Review SaaS vendor’s resiliency, backup, failover, restoration, architecture, data protection, and security measures in detail. Not just a claim of x hours of restoration time is good enough. If you have architected a reliable solution on-prem or on another cloud, make sure that the SaaS vendor’s plan and design at the very least match or exceed your capabilities.
When deleting "permanently" make sure it is a staged delete even if it is for compliance reasons. A gestation period of 24 or 48 hours to make sure the deletion didn't do more damage than intended.
Before you execute a script that does mass operations, test many times first to make sure the intended results. Triple-check the mass scripts and delete operations or any major modifications.
Finally, as discussed in my report, take ownership and communicate well. Customers do appreciate that. While such incidents do happen occasionally, how they communicate with the customers, how soon they fix the incident, how detailed is their postmortem, and, most importantly, what they do so such incidents don’t occur in the future is more important.
Atlassian cloud has growing pains. It may be a tough pill to swallow, but they need to go back to the drawing board and reassess the situation. Not only do they need to take a hard look at their cloud architecture, their processes, their operations, and more importantly their mandate to convert all customers to the cloud or Data Center by 2024. It is such a shame as I like their suite of products. A solid line of products that have performed well for large enterprise customers with their On-prem Data Center version for many years until now.

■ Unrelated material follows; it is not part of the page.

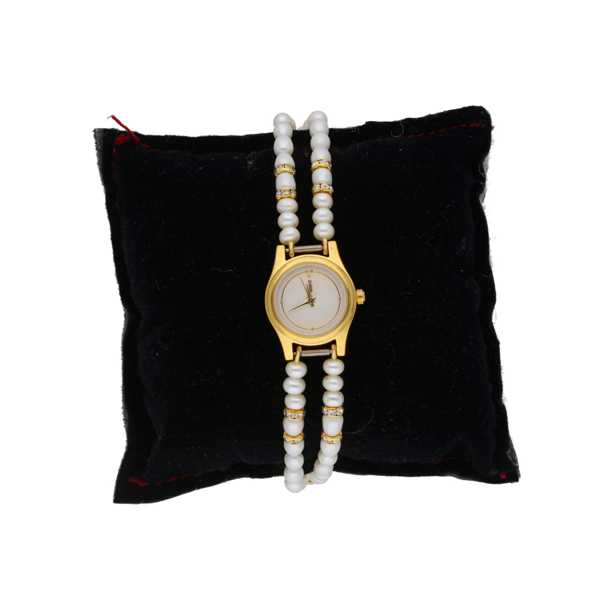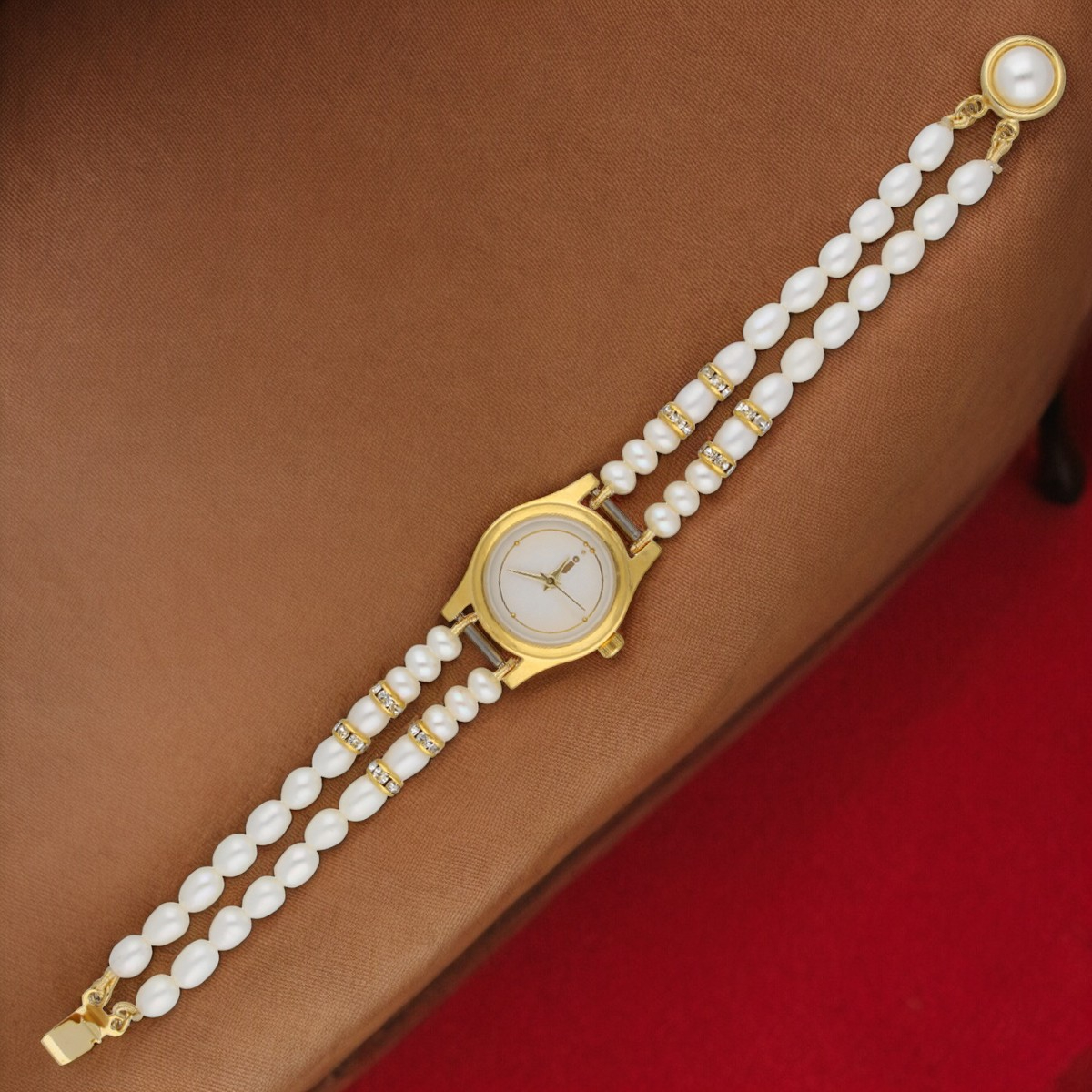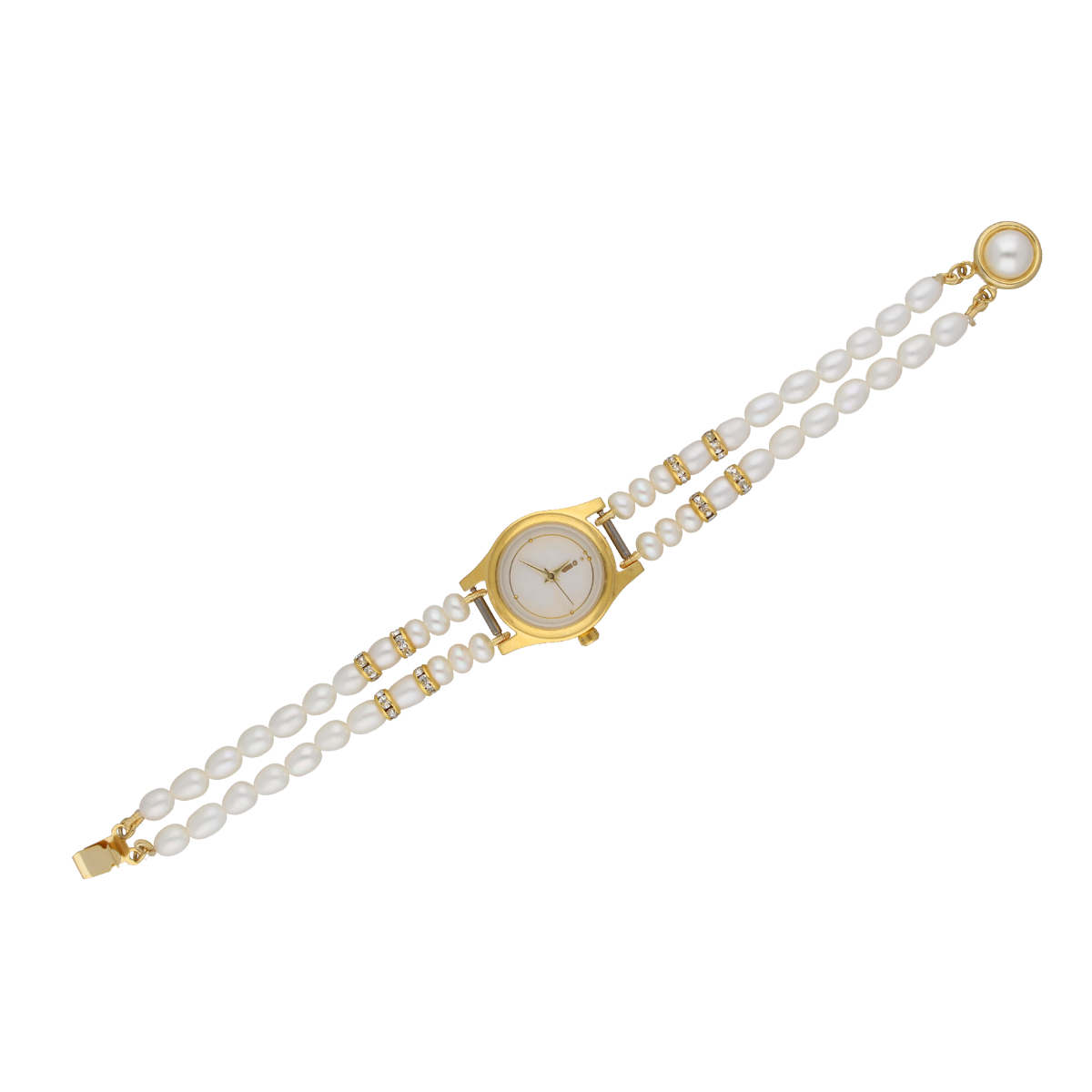 Upgrade your wrist game with the Jabeen 2 Lines Round Pearl Wrist Watch. Meticulously designed, this watch features two lines of lustrous pearls, combining classic elegance with modern style. Elevate your look with the timeless charm of the Jabeen watch.
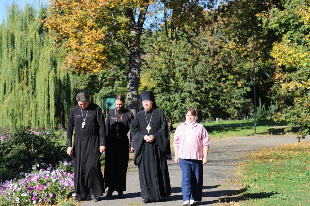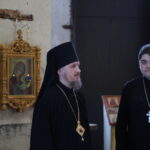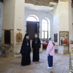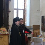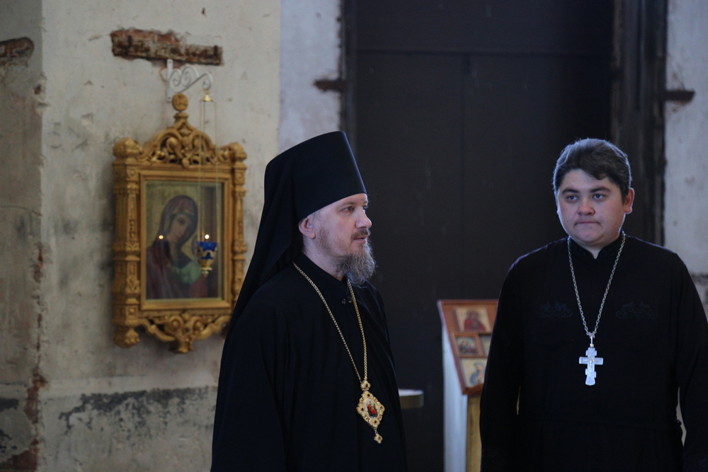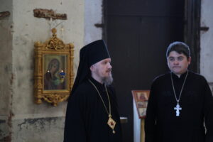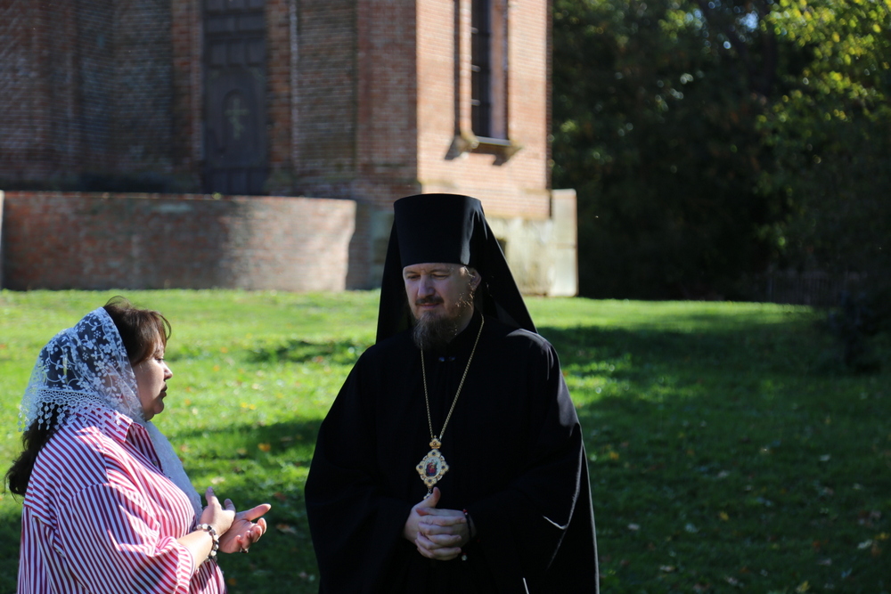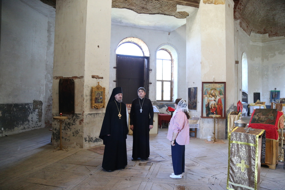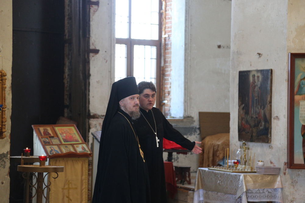 Владыка Игнатий, вместе с настоятелем храма Воскресения Христова священником Ярославом Кравченко и директором музея «Русская усадьба» Татьяной Стариковой, осмотрел дом Божий.

They also need to automate a lot of their cloud operations such as restoring deleted customer sites in one batch rather than painful small batches. They should have fully automated rollbacks for any changes whether it is configuration, functions, features, or code changes. If something didn’t work, they should be able to roll back to a previous version in an automated fashion quickly in a matter of hours – not days or weeks.
This happens when companies grow too soon, too fast. An added complexity in the case of Atlassian is the list of acquisitions they did which they are trying to bring together in one cloud platform.
This too shall pass. How they will respond to this event by putting newer processes, controls, approvals, automation, and more importantly automated rollbacks can tell whether they are trustable going forward. Once the picture is clear, enterprises can decide whether it is worthy of continuing with Atlassian or look at some worthy alternatives.
It is too soon to tell at this point.
PS: I had a call with their head of engineering (Mike Tria) on 4/19/2022, who addressed some of these concerns and explained in detail some of the measures they are doing to fix this issue so it won’t happen again. It included items like staged permanent deletes, operational quality, mass auto rollbacks, customer restoration across product lines, etc. He also discussed at length about what they are doing to the customers who cleverly instantiated instances in parallel while waiting for the issues to be resolved and how they can be merged into their main service.
I was assured by Atlassian that this incident will be reviewed in detail and the measures they are taking going forward will be addressed in detail in a PIR (Post-mortem Incident Report) that is scheduled to be released soon (before the end of the month per Atlassian).